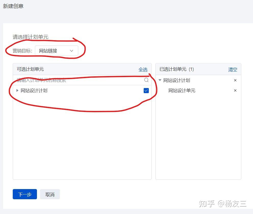营销目标选择默认值“网站链接”就行了。之后勾选计划,点击“下一步”按钮,就进入到了“创意”页面。
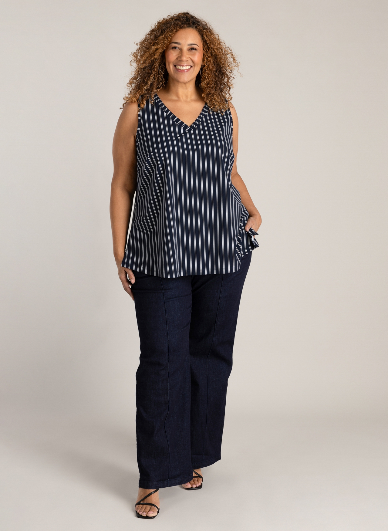 Deze tuniek met streepjesprint is gemaakt van comfortabele travelstof die soepel valt, vormvast is en nauwelijks kreukt. Tuniek Nena is een prettig item dat je makkelijk combineert met een broek of blazer. Lengte 74 cm.
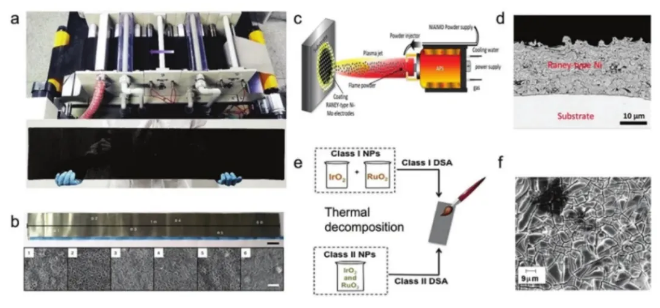 现在大型电解槽中广泛应用的是非贵金属(ni、fe、mo、co等)电极,目前国内大型碱性电解槽使用的电极大多是采用热喷涂工艺制备的雷尼镍电极,一般以镍网为基底,喷涂非贵金属高活性催化剂电极,经过喷涂处理的电极在一定的小室电压下能够展现出较高电流密度,实现了物有所值的电极。
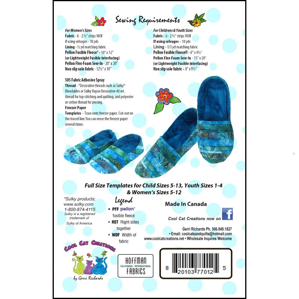 Enjoy sewing these cozy slippers designed by Gerri Richards. This pattern makes slippers for children in sizes 5-13, youth 1-4, and women's 5-12. Included are full-size templates as well as fabric and material requirements for each size.
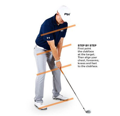 我经常被问道,普通球员和职业球员的区别到底在哪里。技术水平方面不说,最明显的差异在于练球的方式。你训练的是“挥”杆,而优秀球员则是以目标为导向做击球训练。结果就是,业余球手击球弹道远离目标区域。修复方法并不是在准备击球时“方正杆面”那么简单。那么诀窍在哪?首先,应该将杆面“方正”朝向目标方向,然后再调整身体的站位,使身体与杆面方向垂直。按这个流程做会比反过来做容易多了。可以尝试这么一个视觉假想:一旦确定好杆面朝向后,想象有四条直线附于你的胸前、手臂前、膝盖前以及双脚前(如上图)。调整站姿,直到这四条线都平行于目标线,就像四条平行的火车轨道那样。这种击球准备策略可大大提升将球击至目标区域的概率。
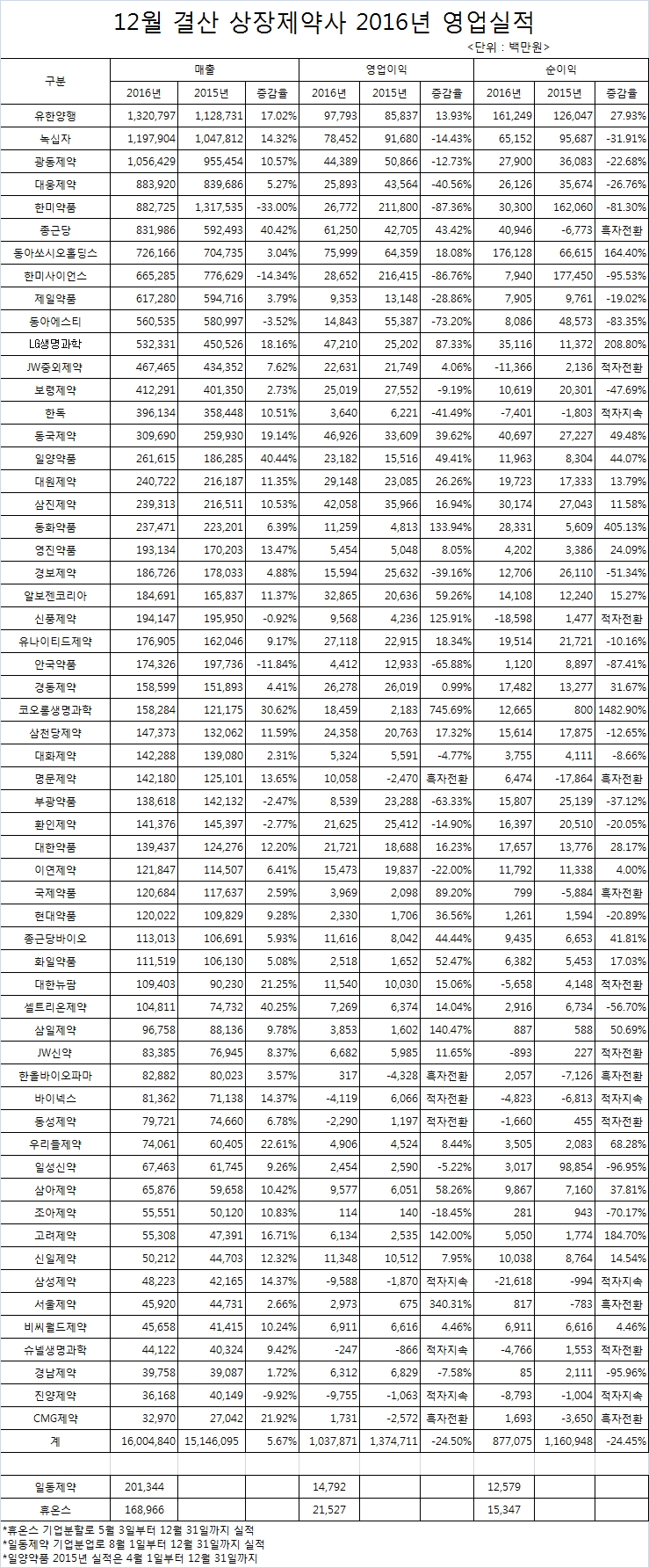 지난해 상장제약사중 유한양행, 녹십자, 광동제약은 매출 1조원을 넘었다. 유한양행은 2015년에 이어 2년째 매출 1조를 기록했고, 녹십자와 광동제약은 새롭게 1조 클럽에 가입했다. 지난 2015년 신약기술 해외수출 효과로 1조 3,175억원의 매출로 제약업계 매출 1위를 기록했던 한미약품은 지난해는 매출이 33% 감소했다.
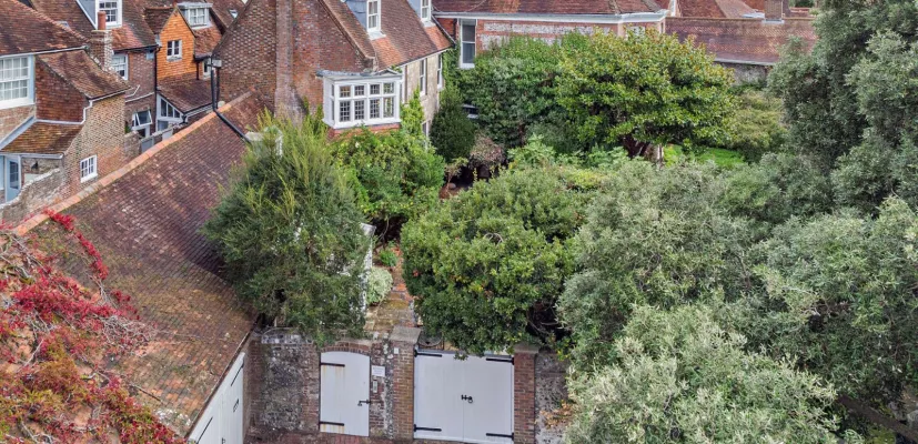 At the entrance to the property, a paved courtyard provides parking space and access to the double height garage (potential studio), with double gates for vehicles and a separate gate for pedestrian access, opening onto the south-facing courtyard walled garden. The garden includes brick and paved terracing, providing peaceful space for al fresco dining, shaded by mature trees and established shrubs and hedgerows for a sense of peace and privacy.
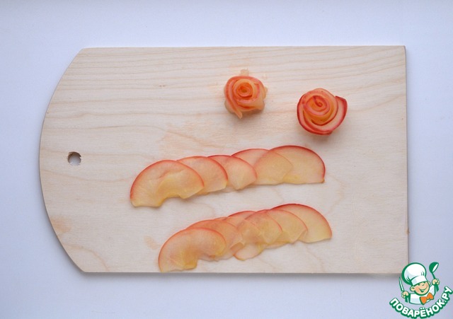 Выкладываем яблочные лепестки на бортики глубокой тарелки, чтобы лишняя жидкость стекла.
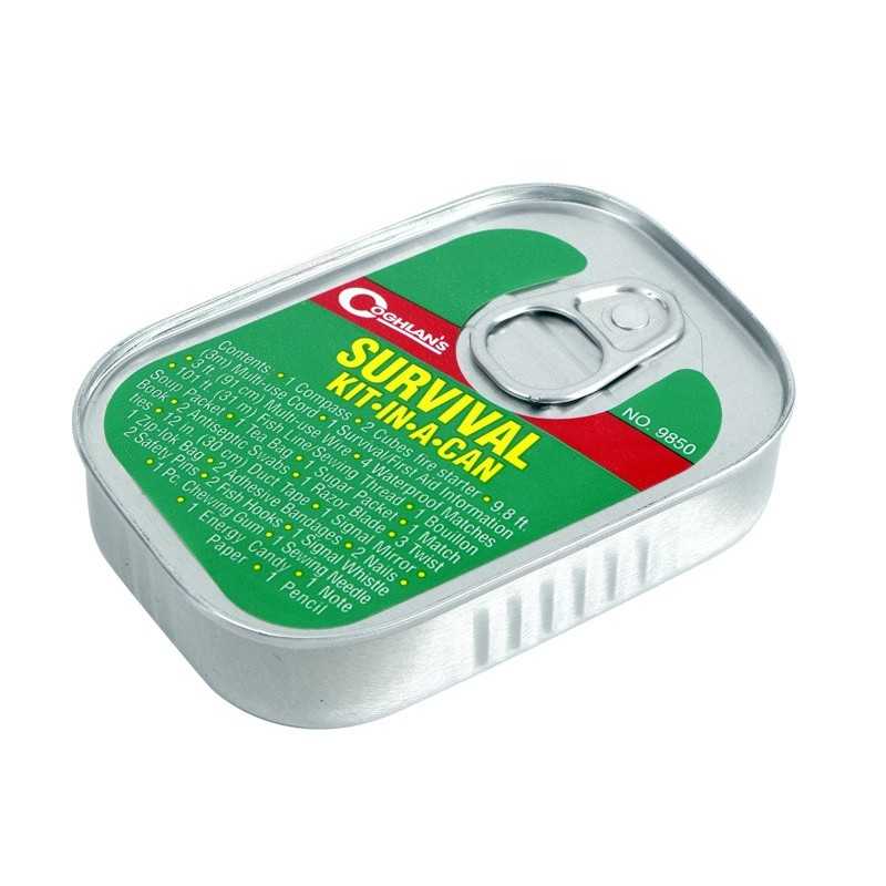 Το Survival Kit της Coghlans περιέχει 38 χρήσιμα (αχρείαστα!) είδη επιβίωσης, απαραίτητα σε καταστάσεις επιβίωσης. Όλα τα είδη επιβίωσης περιλαμβάνονται σε αδιάβροχη θήκη τύπου κονσέρβας. Η κονσέρβα περιέχει:
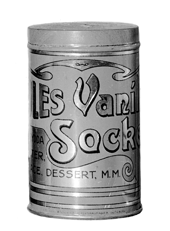 BURK med vaniljsocker Av bleckplåt, rödlackerad. Cylindrisk, med trycklock. På burken i guld: THULES Vanillin Socker Nedtill mot guldbotten: BÄSTA KRYDDA TILL SYLTER, GLACE, DESSERT, M. M. Lock plant, med utanpågående sarg, på översidan varumärke i svart och guld (två frånvända örnar över två svenska flaggor), nedtill i svart: THULE I burken vitt pulver (vaniljsocker). Höjd: 9,9 cm.; diameter:6,1 cm.
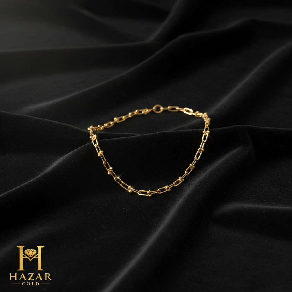 Hazar Gold’un modern kadının ruhunu yansıtan bu özel tasarımı, endüstriyel şıklığı lüks detaylarla birleştiriyor. 18.87 gramlık dengeli ağırlığı، gün boyu konforlu bir kullanım sunarken، her ortamda dikkatleri üzerinize çekecek bir ışıltıya sahiptir.

################

Set each line of the records down again exactly as it reads. Omit the pictures.

_Problem solution_:
营销目标选择默认值“网站链接”就行了。之后勾选计划,点击“下一步”按钮,就进入到了“创意”页面。
 Deze tuniek met streepjesprint is gemaakt van comfortabele travelstof die soepel valt, vormvast is en nauwelijks kreukt. Tuniek Nena is een prettig item dat je makkelijk combineert met een broek of blazer. Lengte 74 cm.
 现在大型电解槽中广泛应用的是非贵金属(ni、fe、mo、co等)电极,目前国内大型碱性电解槽使用的电极大多是采用热喷涂工艺制备的雷尼镍电极,一般以镍网为基底,喷涂非贵金属高活性催化剂电极,经过喷涂处理的电极在一定的小室电压下能够展现出较高电流密度,实现了物有所值的电极。
 Enjoy sewing these cozy slippers designed by Gerri Richards. This pattern makes slippers for children in sizes 5-13, youth 1-4, and women's 5-12. Included are full-size templates as well as fabric and material requirements for each size.
 我经常被问道,普通球员和职业球员的区别到底在哪里。技术水平方面不说,最明显的差异在于练球的方式。你训练的是“挥”杆,而优秀球员则是以目标为导向做击球训练。结果就是,业余球手击球弹道远离目标区域。修复方法并不是在准备击球时“方正杆面”那么简单。那么诀窍在哪?首先,应该将杆面“方正”朝向目标方向,然后再调整身体的站位,使身体与杆面方向垂直。按这个流程做会比反过来做容易多了。可以尝试这么一个视觉假想:一旦确定好杆面朝向后,想象有四条直线附于你的胸前、手臂前、膝盖前以及双脚前(如上图)。调整站姿,直到这四条线都平行于目标线,就像四条平行的火车轨道那样。这种击球准备策略可大大提升将球击至目标区域的概率。
 지난해 상장제약사중 유한양행, 녹십자, 광동제약은 매출 1조원을 넘었다. 유한양행은 2015년에 이어 2년째 매출 1조를 기록했고, 녹십자와 광동제약은 새롭게 1조 클럽에 가입했다. 지난 2015년 신약기술 해외수출 효과로 1조 3,175억원의 매출로 제약업계 매출 1위를 기록했던 한미약품은 지난해는 매출이 33% 감소했다.
 At the entrance to the property, a paved courtyard provides parking space and access to the double height garage (potential studio), with double gates for vehicles and a separate gate for pedestrian access, opening onto the south-facing courtyard walled garden. The garden includes brick and paved terracing, providing peaceful space for al fresco dining, shaded by mature trees and established shrubs and hedgerows for a sense of peace and privacy.
 Выкладываем яблочные лепестки на бортики глубокой тарелки, чтобы лишняя жидкость стекла.
 Το Survival Kit της Coghlans περιέχει 38 χρήσιμα (αχρείαστα!) είδη επιβίωσης, απαραίτητα σε καταστάσεις επιβίωσης. Όλα τα είδη επιβίωσης περιλαμβάνονται σε αδιάβροχη θήκη τύπου κονσέρβας. Η κονσέρβα περιέχει:
 BURK med vaniljsocker Av bleckplåt, rödlackerad. Cylindrisk, med trycklock. På burken i guld: THULES Vanillin Socker Nedtill mot guldbotten: BÄSTA KRYDDA TILL SYLTER, GLACE, DESSERT, M. M. Lock plant, med utanpågående sarg, på översidan varumärke i svart och guld (två frånvända örnar över två svenska flaggor), nedtill i svart: THULE I burken vitt pulver (vaniljsocker). Höjd: 9,9 cm.; diameter:6,1 cm.
 Hazar Gold’un modern kadının ruhunu yansıtan bu özel tasarımı, endüstriyel şıklığı lüks detaylarla birleştiriyor. 18.87 gramlık dengeli ağırlığı، gün boyu konforlu bir kullanım sunarken، her ortamda dikkatleri üzerinize çekecek bir ışıltıya sahiptir.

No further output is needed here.